Then sync, update, remove, and orphan cleanup operate on source ids rather than trying to infer identity from docref or bundle name.

4. The override/fork relationship needs explicit provenance

The state model says tracked override vs pure local is computed by checking whether another bundle contributes the same <type>/<name> (docs/project/specs/active/plan-2026-05-07-docs-config-redesign.md:671). W8 says eject may record the original revision in frontmatter or a sidecar (docs/project/specs/active/plan-2026-05-07-docs-config-redesign.md:926), but this needs to be a first-class part of the workflow design.

Without explicit provenance, these cases get muddy:

  • A pure local doc becomes a supposed override just because a later-added upstream bundle happens to have the same name.
  • Removing an upstream bundle turns an override into pure local and loses the data needed for diff or unfork.
  • Upstream renames or deletes a doc; the local file still exists but the relationship is no longer discoverable by name.
  • source upstream needs to know the exact upstream source/path/revision to patch.

Recommendation: record an override edge, not just infer one.
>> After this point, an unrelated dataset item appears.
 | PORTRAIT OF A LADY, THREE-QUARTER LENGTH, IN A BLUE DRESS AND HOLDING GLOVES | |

For example, in a sidecar or tbd overlay:

overrides:
  - local_key: proj:guideline/typescript
    upstream_key: coding:guideline/typescript
    upstream_source_id: coding-main
    upstream_docref: github:jlevy/coding-guidelines@main//guidelines/typescript.md
    ejected_revision: <sha>
    ejected_content_hash: sha256:...

The effective DocMap can still compute shadowing by priority, but roundtrip workflows should use explicit override provenance.

5. The Zod schemas are not enforcing the clean-break contract

G11 says the f05 validator rejects unknown fields to prevent zombie schema fields (docs/project/specs/active/plan-2026-05-07-docs-config-redesign.md:131). The new schemas use plain z.object(...), which strips unknown keys by default in Zod (packages/tbd/src/docmap/schemas.ts:63, packages/tbd/src/docmap/schemas.ts:78). That means old fields can silently survive parse/load paths unless every caller has a separate unknown-field detector.
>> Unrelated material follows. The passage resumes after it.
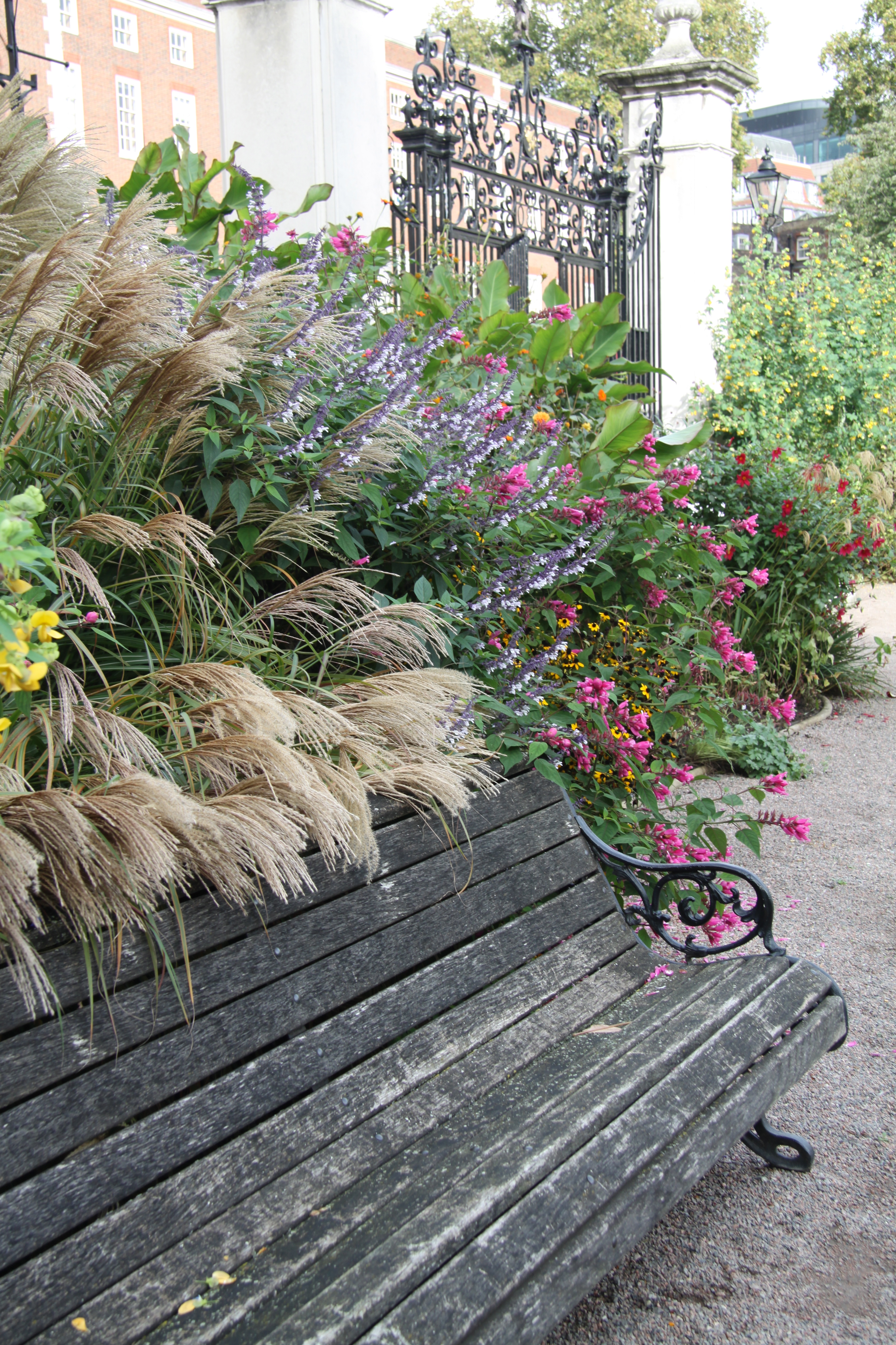 The garden was renovated by Colvin and Moggridge in 1994 and the style of planting is as soft and natural as the outer world of the Park is restrained and formal.  Even at the end of October vibrant mounds of Erysimum ‘Bowles Mauve’ spill over onto the sunken lawns.

Also missing or under-specified cross-field validation:

  • Remote sources can omit bundle even though the spec says bundle is required for remote sources (packages/tbd/src/docmap/schemas.ts:65).
  • contents[].type and source.type are not checked against declared doc_types.
  • as does not require type, and the spec is unclear whether as means “aggregate source name”, “single-file rename”, or KDEX-style as: repo (packages/tbd/docs/design-docmap-format.md:163).
  • Bundle uniqueness, reserved names, duplicate source ids, and canonical-key collision checks are not represented at the schema/normalization boundary.

Use .strict() on the format schemas, then add a normalization/validation pass with superRefine or a separate validateManifest() for cross-object rules. If extension fields are needed for future consumers, make that explicit with an extensions: bag rather than accepting arbitrary top-level keys.

6. as should be made less overloaded before implementation

KDEX used as: repo for whole-repo aggregate treatment. This PR changes as into a string name, while also saying the aggregate key becomes the bundle name (packages/tbd/docs/design-docmap-format.md:163, packages/tbd/docs/design-docmap-format.md:364). That is confusing: if as is not the key, what does the value name?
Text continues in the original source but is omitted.